Des ventes autour des recherches sur des comptes de réseau sociaux de TikTok à Snapchat en passant par Instagram. Un outil d’attaques en déni de service, synonyme d’entraves à un système informatique. Et des douteux services “pour la rentrée scolaire” allant du service de swatting, cette façon de provoquer une fausse action policière, à l’alerte à la bombe.
Voici l’offre de services d’un channel louche sur l’application Telegram, des prestations également mises en avant sur un serveur Discord.
Rien de renversant dans le marigot des petits trafics, à un détail près. Le ou la personne derrière ces comptes reprend à son compte un nom désormais bien identifié dans la petite cybercriminalité française, « Epsilon ».
L’arrestation de “Chat noir”
Il y a un an, un groupe du même nom avait été à l’origine d’un infostealer, ces programmes malveillants voleurs de mots de passe. La bande avait défrayé la chronique, en réussissant notamment à mettre la main sur une base de données de Shadow, le spécialiste français du cloud gaming.
Le groupe avait également cherché à se faire mousser en prenant brièvement le contrôle des comptes X (ex-Twitter) des médias BFMTV et RMC. On ignore si la nouvelle boutique siglée « Epsilon » a des liens avec les personnes derrière l’infostealer. Son administrateur a mis simplement en avant auprès de ZDNET.fr des liens d’amitié.
Mais rien n’empêcherait des tiers de vouloir tenter de profiter de la notoriété acquise par ce nom pour lancer leurs propres activités malveillantes.
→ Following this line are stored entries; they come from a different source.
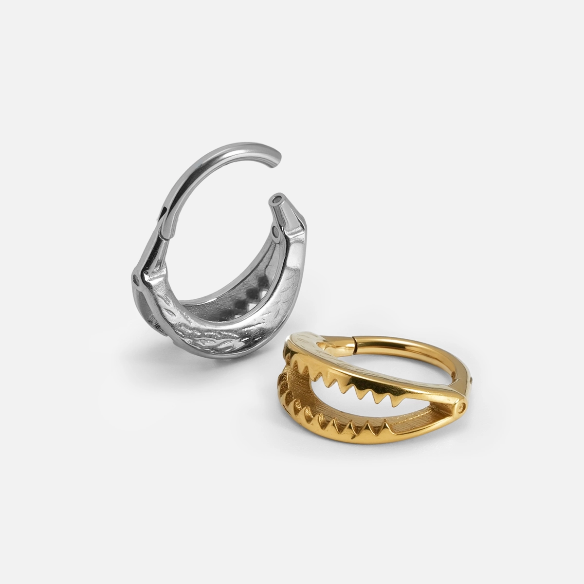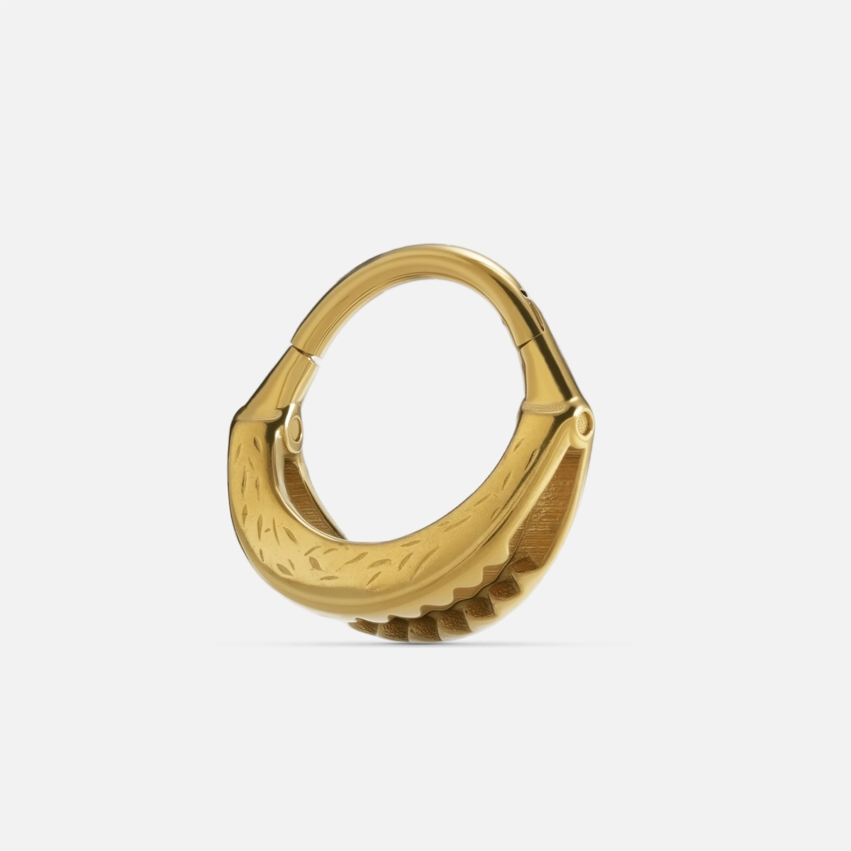 Serrated Gear Clicker pairs a clean round hoop with a rugged crescent edge cut into sharp industrial ridges. This item is sold individually.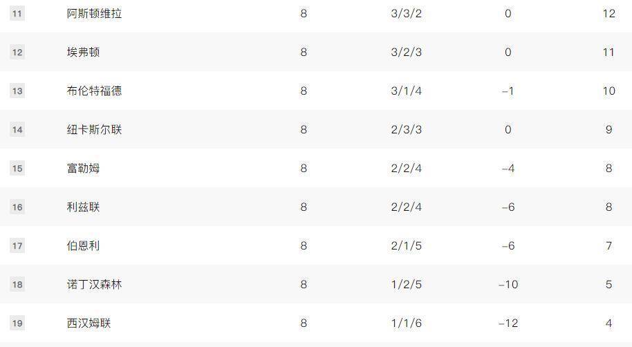 布莱顿、阿斯顿维拉和埃弗顿同积12分,中间还夹着好几支积分接近的球队。 这种紧凑的排名让每一场比赛都变得至关重要。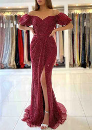 Modern Prom Dress/Evening Dress with Sequins - Trumpet/Mermaid Off-the-Shoulder Short Sleeve Sweep Train Simple gentle atmospheric and unique design

Reste ce clin d’œil graphique troublant de l’administrateur du channel: une photo d’un chat noir aux yeux verts.
Cette filiation est pourtant de mauvais augure. Au printemps dernier, les aventures d’Epsilon s’étaient terminées en queue de poisson avec l’arrestation au printemps de “Chat noir”, en réalité un adolescent de 16 ans. Un revers judiciaire qualifié de simple “petite pause” selon un message posté puis supprimé sur un channel Telegram.
“Beaucoup de bruit”
Marc Nebout, l’un des experts de Sekoia, avait documenté l’an dernier l’activité du groupe. En voulant customiser leur programme malveillant, les créateurs d’Epsilon avaient en réalité introduit des fautes. “Ce genre d’infostealer n’est pas très évolué, cela fait beaucoup de bruit”, signale le chercheur au sein de l’équipe de renseignement sur les menaces Sekoia.io.
Ils sont généralement conçus à partir de modèles trouvés sur le site de partage de code GitHub ou à partir d’un code source acheté à un tiers. “Leurs auteurs se vantent de ne pas être détectés sur VirusTotal, mais la plupart du temps c’est faux, ils sont assez bien détectés en réalité”, remarque l’expert.
“Malheureusement, cela fonctionne souvent” quand même, déplore-t-il, grâce à des manœuvres d’ingénierie sociale. Dans le cas d’Epsilon, un employé de Shadow avait été ciblé sur Discord par un pirate qui, sous couvert de lui signaler le téléchargement d’un jeu sur Steam, lui avait en fait envoyé un lien malveillant.
Un amateurisme qui protège d’une certaine manière ces pirates en herbe, les faisant passer sous les radars. Mais si leur activité prend trop d’éclat, “ils se retrouvent en haut de la pile” des services d’investigation, avertit Marc Nebout. Avec le résultat que l’on sait pour “Chat noir”. Une issue à méditer pour les personnes derrière la reprise du nom Epsilon.